Let $x$ be a real number. To prove...

Question

Let $x$ be a real number. Define the sequence $(x_n)_{n\ge1}$ recursively by $x_1=1$ and $x_{n+1}=x^n+nx_n$ for $n\ge1$. Prove that, $$\prod_{n=1}^\infty \bigg(1-\dfrac{x^n}{x_{n+1}}\bigg)=e^{-x}$$

Could not approach the sum. Please help!

Answer 1

Hint:

We are to prove that, $$\prod_{n=1}^\infty \bigg(1-\dfrac{x^n}{x_{n+1}}\bigg)=e^{-x}$$

Let's have a look to how the LHS actually looks like. A little manipulation in $x_{n+1}=x^n+nx_n$ would yield,

$$\displaystyle\prod_{n=1}^\infty \bigg(1-\dfrac{x^n}{x_{n+1}}\bigg)=\prod_{n=1}^\infty n\dfrac{x_n}{x_{n+1}}=(1.2.3...)\dfrac{x_1}{x_2}\dfrac{x_2}{x_3}\dfrac{x_3}{x_4}...=(1.2.3...)\dfrac{1}{x_2}\dfrac{x_2}{x_3}\dfrac{x_3}{x_4}...$$

Let $a_n=\dfrac{n!}{x_{n+1}}.$ Note if $a_n^{-1}\to e^{x}$ the rest of the result becomes immediate.

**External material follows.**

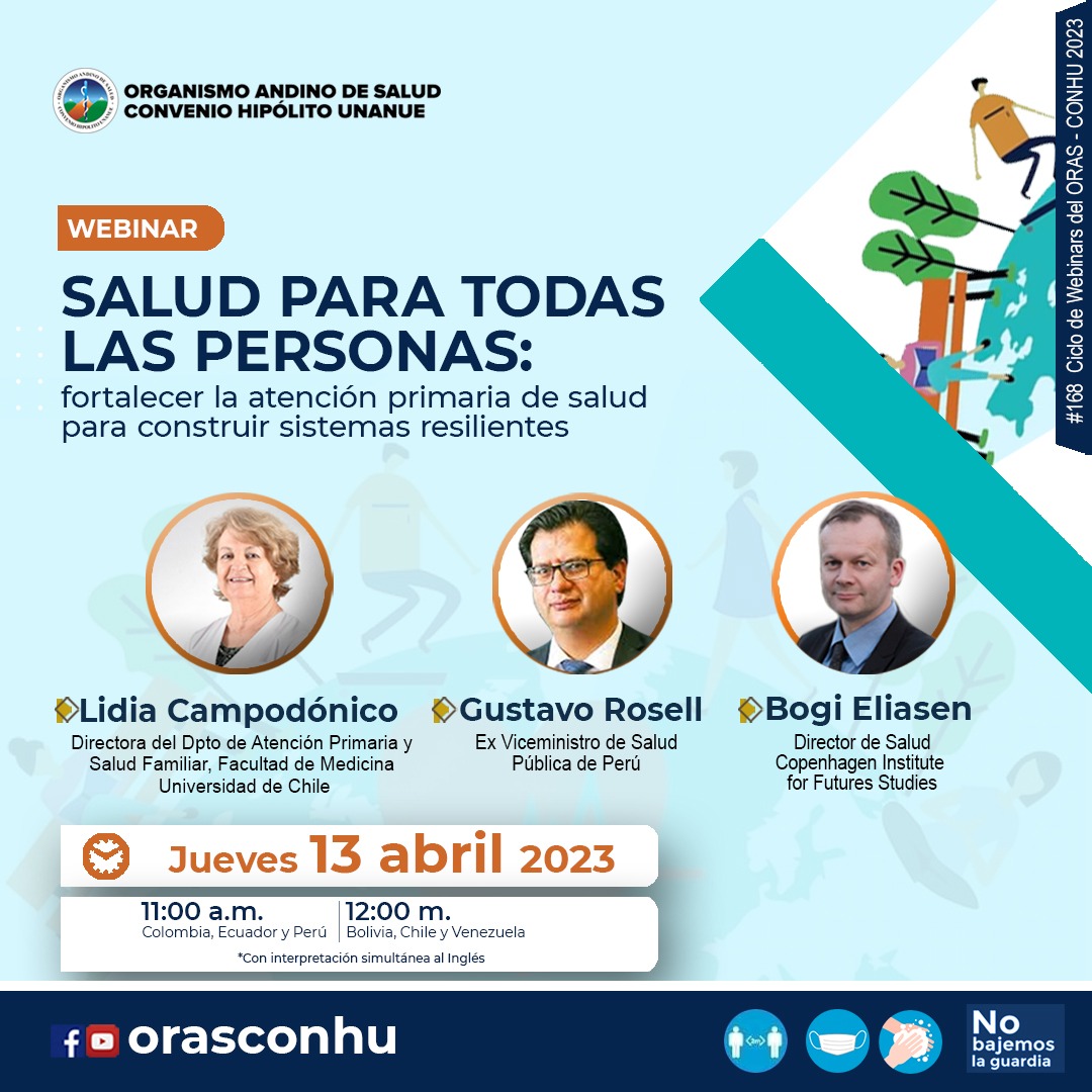 M, Mallqui., MC, Calle., L, Campodónico., G, Rosell., B, Eliasen. (2023, 13 abril). W0168 Salud para todas las personas: fortalecer la atención primaria de salud para construir sistemas resilientes [Webinar]. Organismo Andino de Salud - Convenio Hipólito Unanue.

For showing $a_n^{-1}\to e^{x}$ keep obtaining the previous iterations untill $x_1$ by using $x_{n+1}=x^n+nx_n$ as,

$$\dfrac{x_{n+1}}{n!}=\dfrac{x^n+nx_n}{n!}=\dfrac{x^n}{n!}+\dfrac{x_n}{(n-1)!}=\dfrac{x^n}{n!}+\dfrac{x^{n-1}+(n-1)x_{n-1}}{(n-1)!}$$ etc.